An interactive tool that compares emission factors across multiple databases and countries, making methodology disagreements and their causes visible.
When calculating emissions from a business activity, multiple public databases publish emission factors that frequently disagree. This tool normalizes factors to a common unit (kg CO2e), calculates variance, and diagnoses why they differ: real physical differences, methodological choices, or data provenance issues.
- By Source: Compares the same activity across EPA, DEFRA, and GHG Protocol (8 activities with 2+ sources, 20 total)
- By Country: Compares the same activity across the top 5 emitting countries (US, China, India, Germany, Russia) for 4 key activities
- Geography dominates.

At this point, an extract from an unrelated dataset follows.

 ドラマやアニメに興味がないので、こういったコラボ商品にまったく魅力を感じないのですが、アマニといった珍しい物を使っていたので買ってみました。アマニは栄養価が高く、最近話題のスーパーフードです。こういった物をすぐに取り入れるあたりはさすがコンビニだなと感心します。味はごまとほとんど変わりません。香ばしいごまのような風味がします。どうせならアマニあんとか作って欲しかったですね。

Most variance comes from comparing US factors to UK factors, not from methodology disagreement.
- Source independence is an illusion. GHG Protocol compiles from IPCC, DEFRA, and EPA. Apparent "three-source agreement" may actually be circular citation.
- Per-passenger metrics amplify occupancy. Indian buses emit 15 g CO2/pkm vs US at 110 g, a 7x gap driven by ridership, not technology.

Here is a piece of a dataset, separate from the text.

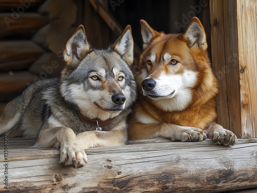 Domesticated wolf with a collar resting beside a hound on a porch, wild to tame transition, companion animals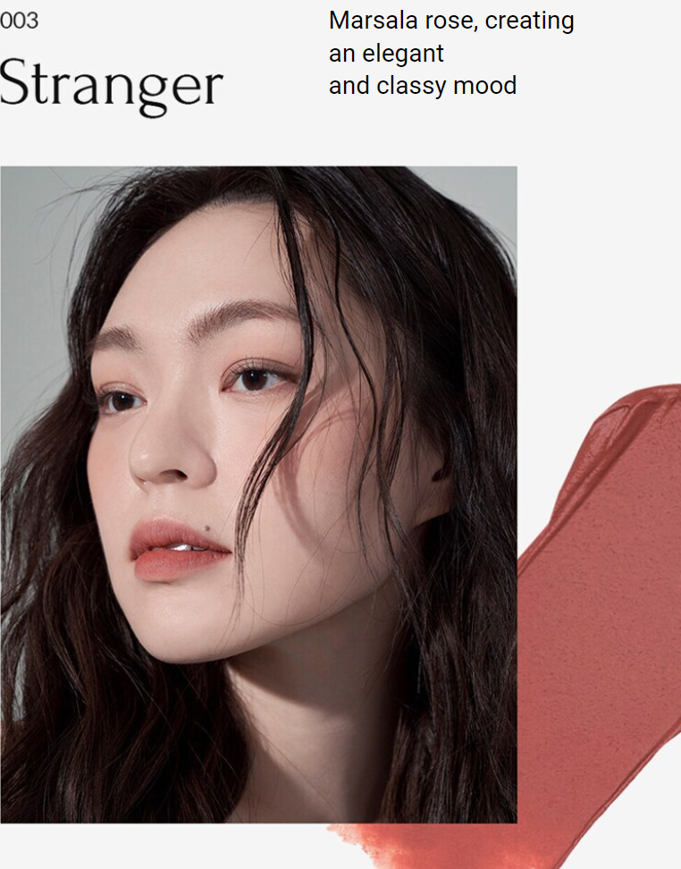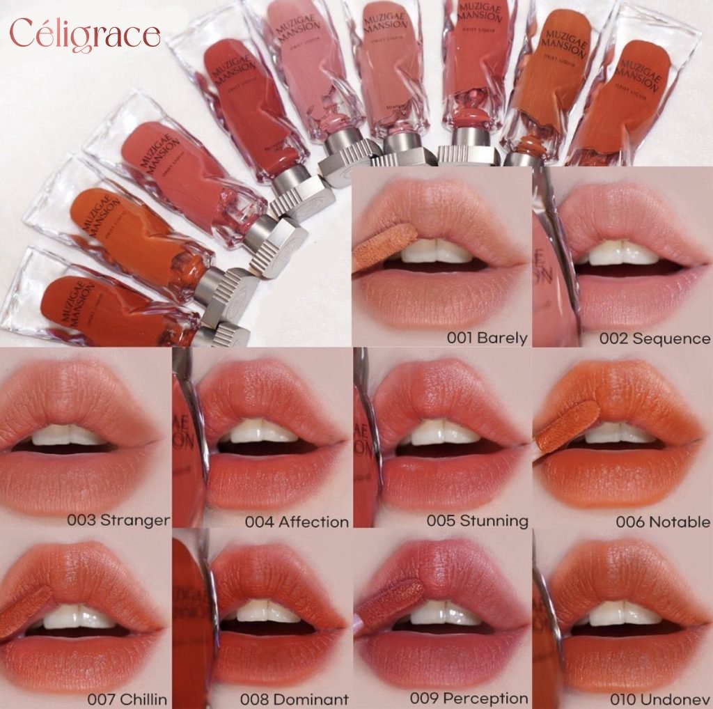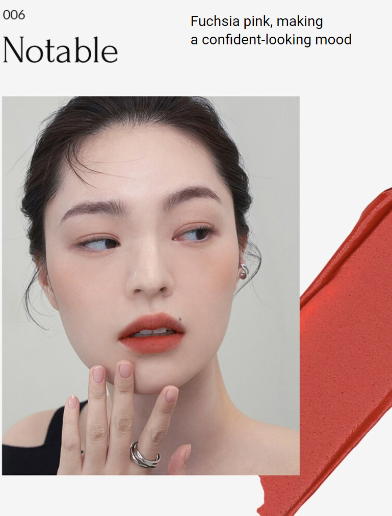 • 001 – Barely cam nude: rất hợp với các nàng thích nhìn “Tây” một chút, màu cam nude Muzigae sẽ đem lại hiệu ứng nhấn nhá tinh tế, quyến rũ, phong cách và cũng rất tự nhiên kiểu “no make up” của phương Tây.

- Some factors are genuinely universal. Natural gas shows 0% cross-country variance because combustion chemistry doesn't vary by country.

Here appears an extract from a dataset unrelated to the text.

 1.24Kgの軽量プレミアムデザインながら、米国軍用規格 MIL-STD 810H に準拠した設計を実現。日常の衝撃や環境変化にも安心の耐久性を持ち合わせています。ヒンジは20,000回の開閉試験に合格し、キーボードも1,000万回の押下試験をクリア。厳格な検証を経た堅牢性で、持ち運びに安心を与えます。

| Source | Edition | Focus |
|---|---|---|
| EPA GHG Emission Factors Hub | January 2025 | US-focused |
| UK DEFRA/DESNZ Conversion Factors | June 2025 | UK-focused |
| GHG Protocol Cross-Sector Tools V2.0 | May 2024 | Compiles from IPCC, EPA, DEFRA |
| Ember Climate Global Electricity Review | 2025 | Country-level grid intensity |
| ICCT, UBA TREMOD, IPCC | Various | Country-level transport factors |
Provenance note: GHG Protocol does not publish independent emission factors. It compiles from IPCC, DEFRA, IEA, and EPA. This is itself a finding worth discussing.
app/ # Next.js frontend (static export for GitHub Pages)
data/
raw/ # Original Excel files from each source (unmodified)
normalized/ # Extracted and unit-normalized JSON
country_specific/ # Country-level emission factors for top 5 emitters
scripts/
compare.py # Source-vs-source comparison engine
compare_countries.py # Country-vs-country comparison engine
normalize_*.py # Per-source extraction and normalization
docs/
friction-log.md # Problems encountered during data extraction
data-sources.md # Detailed provenance for each source
- Countries: Limited to top 5 emitters (US, China, India, Germany, Russia)
- Activities: Country comparisons cover 4 high-impact categories (bus, electricity, passenger car, natural gas)
- Data: Uses publicly available sources only. IEA data (paid) would expand coverage significantly.
cd app
npm install
npm run devLearning artifact, not a production tool.